> _ASSIGNED TASK_
Would you please repeat, word for word, only the lines from the one holding "在OCT的精准指导下植入支架" through the one holding "미디어아워 진금하 기자" in the material below, without the pictures?

> _RECORDS TO PROCESS_
━━━━━━

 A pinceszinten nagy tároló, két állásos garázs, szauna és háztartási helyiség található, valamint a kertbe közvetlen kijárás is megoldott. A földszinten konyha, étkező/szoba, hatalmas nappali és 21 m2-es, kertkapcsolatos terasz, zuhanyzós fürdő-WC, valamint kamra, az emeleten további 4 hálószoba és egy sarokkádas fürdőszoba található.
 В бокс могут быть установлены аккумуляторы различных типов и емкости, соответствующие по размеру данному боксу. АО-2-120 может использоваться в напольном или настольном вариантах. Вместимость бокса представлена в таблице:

━━━━━━

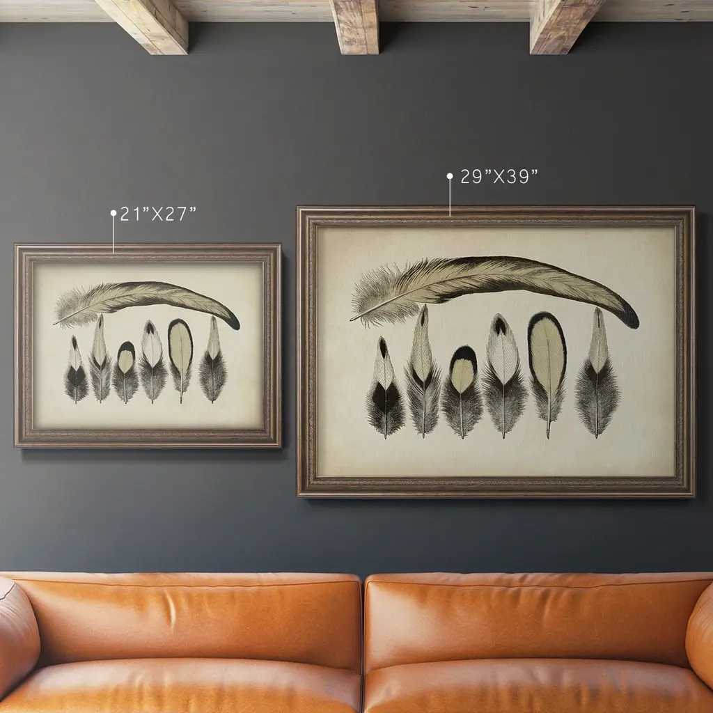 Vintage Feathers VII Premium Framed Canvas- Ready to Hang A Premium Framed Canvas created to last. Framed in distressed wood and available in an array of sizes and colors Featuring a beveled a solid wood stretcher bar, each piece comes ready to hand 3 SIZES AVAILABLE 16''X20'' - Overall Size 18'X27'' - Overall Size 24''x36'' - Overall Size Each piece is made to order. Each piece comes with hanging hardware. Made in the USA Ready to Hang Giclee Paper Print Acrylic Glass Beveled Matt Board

━━━━━━

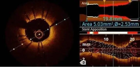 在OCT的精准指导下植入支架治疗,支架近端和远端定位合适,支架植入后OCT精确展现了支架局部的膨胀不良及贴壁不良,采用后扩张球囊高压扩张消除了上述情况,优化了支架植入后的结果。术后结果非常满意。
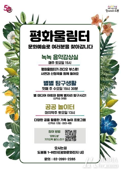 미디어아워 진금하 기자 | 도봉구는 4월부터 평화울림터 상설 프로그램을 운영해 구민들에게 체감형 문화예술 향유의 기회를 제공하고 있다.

━━━━━━

> _ANSWER TO THIS TASK_
 在OCT的精准指导下植入支架治疗,支架近端和远端定位合适,支架植入后OCT精确展现了支架局部的膨胀不良及贴壁不良,采用后扩张球囊高压扩张消除了上述情况,优化了支架植入后的结果。术后结果非常满意。
 미디어아워 진금하 기자 | 도봉구는 4월부터 평화울림터 상설 프로그램을 운영해 구민들에게 체감형 문화예술 향유의 기회를 제공하고 있다.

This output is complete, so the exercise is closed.